A list[dict] produces one block per item. This is the primary use case — database rows, API result sets, CSV data.

Each block is independent with its own copy of the normaliser metadata.

Python

products = [
    {"id": "p-001", "name": "Connector Pack", "price": 29.99},
    {"id": "p-002", "name": "Chunking Engine", "price": 49.99},
    {"id": "p-003", "name": "Fabric Pro", "price": 99.99},
]

list_blocks = pipeline.run(products, strategy="raw_json")

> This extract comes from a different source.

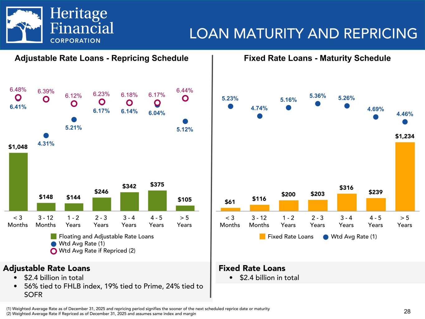 2 This presentation contains “forward-looking statements” within the meaning of the Private Securities Litigation Reform Act of 1995. Such statements often include words such as "believes," "expects," "anticipates," "estimates," “forecasts,” "intends," “plans,” “targets,” “potentially,” “probably,” “projects,” “outlook” or similar expressions or future or conditional verbs such as “may,” "will," “should,” "would," and "could," as well as the negative of such words. Forward-looking statements are not historical facts but instead represent management's current expectations and forecasts regarding future events, many of which are inherently uncertain and outside of our control. Actual results may differ, possibly materially, from those currently expected or projected in these forward-looking statements. Factors that could cause our actual results to differ materially from those described in the forward-looking statements include, but are not limited to, the following: • potential adverse impacts to economic conditions nationally or in our local market areas, other markets where Heritage Financial Corporation (the "Company") and its subsidiaries have lending relationships, or other aspects of the Company’s business operations or financial markets, including, without limitation, as a result of credit quality deterioration, pronounced and sustained reductions in real estate market values, employment levels, labor shortages and a potential recession or slowed economic growth; • changes in the interest rate environment, which could adversely affect our revenues and expenses, the value of assets and obligations, and the availability and cost of capital and liquidity; • the level and impact of inflation and the current and future monetary policies of the Board of Governors of the Federal Reserve System in response thereto; • legislative or regulatory changes that adversely affect our business, including changes in banking, securities, and tax law, in regulatory policies and principles, or the interpretation and prioritization of such rules and regulations; • effects on the U.S. economy resulting from the threat or implementation of, or changes to existing, policies and executive orders, including tariffs, immigration policy, regulatory and other governmental agencies, DEI and ESG initiatives, consumer protection, foreign policy, and tax regulations; • credit and interest rate risks associated with the Company’s businesses, customers, borrowings, repayment, investment, and deposit practices; • fluctuations in deposits and deposit concentrations; • liquidity issues, including our ability to borrow funds or raise additional capital, if necessary; • fluctuations in the value of our investment securities; • credit risks and risks from concentrations (including by type of geographic area, collateral and industry) within our loan portfolio; • disruptions, security breaches, insider fraud, cybersecurity incidents or other adverse events, failures or interruptions in, or attacks on, our information technology systems or on the third-party vendors who perform critical processing functions for our business, including sophisticated attacks using artificial intelligence and similar tools; • technological changes implemented by us and other parties, including third-party vendors, which may be more difficult to implement or more expensive than anticipated or which may have unforeseen consequences to us and our customers, including the development and implementation of tools incorporating artificial intelligence; • increased competition in the financial services industry from non-banks such as credit unions and financial technology companies, including digital asset service providers; • our ability to adapt successfully to technological changes to compete effectively in the marketplace, including as a result of competition from other commercial banks, mortgage banking firms, credit unions, securities brokerage firms, insurance companies, and financial technology companies; • our ability to implement our organic and acquisition growth strategies, including the pending acquisition of Olympic Bancorp, Inc. (“Olympic”), and our ability to successfully integrate Olympic's customers and operations following the acquisition; • effects of critical accounting policies and judgments, including the use of estimates in determining fair value of certain of our assets, which estimates may prove to be incorrect and result in significant declines in valuation; • the commencement, costs, effects and outcome of litigation and other legal proceedings and regulatory actions against us or to which the Company may become subject; • potential impairment to the goodwill the Company recorded in connection with our past acquisitions, including the pending acquisition of Olympic; • loss of, or inability to attract, key personnel; • our ability to successfully integrate any assets, liabilities, customers, systems, and management personnel we may acquire, including as a result of the acquisition of Olympic, into our operations and our ability to realize related revenue synergies and cost savings within expected time frames or at all, and any goodwill charges related thereto and costs or difficulties relating to integration matters, including but not limited to customer and employee retention, which might be greater than expected; • the effects of climate change, severe weather events, natural disasters, pandemics, epidemics and other public health crises, acts of war or terrorism, foreign relations, and other external events on our business and the businesses of our clients; • the impact of bank failures or adverse developments at other banks and related negative publicity about the banking industry in general on investor and depositor sentiment regarding the stability and liquidity of banks; and • our success at managing and responding to the risks

print("\n=== List of Dicts ===")
print(f"  Input items : {len(products)}")
print(f"  Output blocks: {len(list_blocks)}")
for b in list_blocks:
    print(f"  [{b.content['id']}] {b.content['name']}  ${b.content['price']}")

Nested Structures¶

RawJsonNormalizer recursively converts Pydantic models and custom objects into plain Python types before wrapping, so nested structures are safe to pass in.

All values are preserved exactly — no keys are moved to metadata.

Python

nested = {
    "order_id": "ord-789",
    "customer": {"name": "Alice", "email": "alice@example.com"},
    "items": [{"sku": "A1", "qty": 2}, {"sku": "B3", "qty": 1}],
    "total": 149.98,
}

nested_blocks = pipeline.run(nested, strategy="raw_json")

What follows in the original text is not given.